I will re-run it in a few minutes after this last service reset finishes if no go
Thanks


----------



## 502scs (Dec 9, 2015)

15cruzediesel said:


> Next time try a service regen.
> If it completes that then try the def quality test.


Can I do a service regen in the driveway or do I need to be on the road?
I have good MX+ BT and Torque Pro and Gretio


----------



## 15cruzediesel (Sep 30, 2019)

502scs said:


> Can I do a service regen in the driveway or do I need to be on the road?
> I have good MX+ BT and Torque Pro and Gretio


Driveway. Hood up and plenty of ventilation cause it does get hot.


----------



## 502scs (Dec 9, 2015)

15cruzediesel said:


> Driveway. Hood up and plenty of ventilation cause it does get hot.


Ok all the above ... Regen complete .. bit of a cool down period then Def said test complete successful.
Still no codes but still warning and count down.
Maybe it will go away on the 10-15 mile drive to dealer ... LOL
Thanks for the help !


----------



## 15cruzediesel (Sep 30, 2019)

502scs said:


> Ok all the above ... Regen complete .. bit of a cool down period then Def said test complete successful.
> Still no codes but still warning and count down.
> Maybe it will go away on the 10-15 mile drive to dealer ... LOL
> Thanks for the help !


It can take a few tries and can be difficult to clear.
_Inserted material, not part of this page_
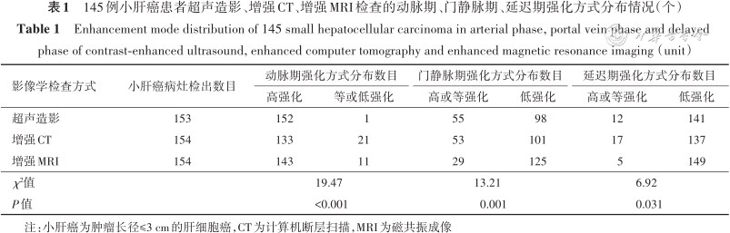 Enhancement mode distribution of 145 small hepatocellular carcinoma in arterial phase, portal vein phase and delayed phase of contrast-enhanced ultrasound, enhanced computer tomography and enhanced magnetic resonance imaging(unit)

I did find this for duramax motors but the emissions are the same.


----------



## BDCCruze (Jul 12, 2017)

502scs said:


> Ok all the above ... Regen complete .. bit of a cool down period then Def said test complete successful.
> Still no codes but still warning and count down.
> Maybe it will go away on the 10-15 mile drive to dealer ... LOL
> Thanks for the help !


I got the countdown of death once after I had an issue with fuel injector. It went away after like 10 miles. Get out on the freeway and put 10-20 miles on it to see if it clears up. These cars love freeway.


----------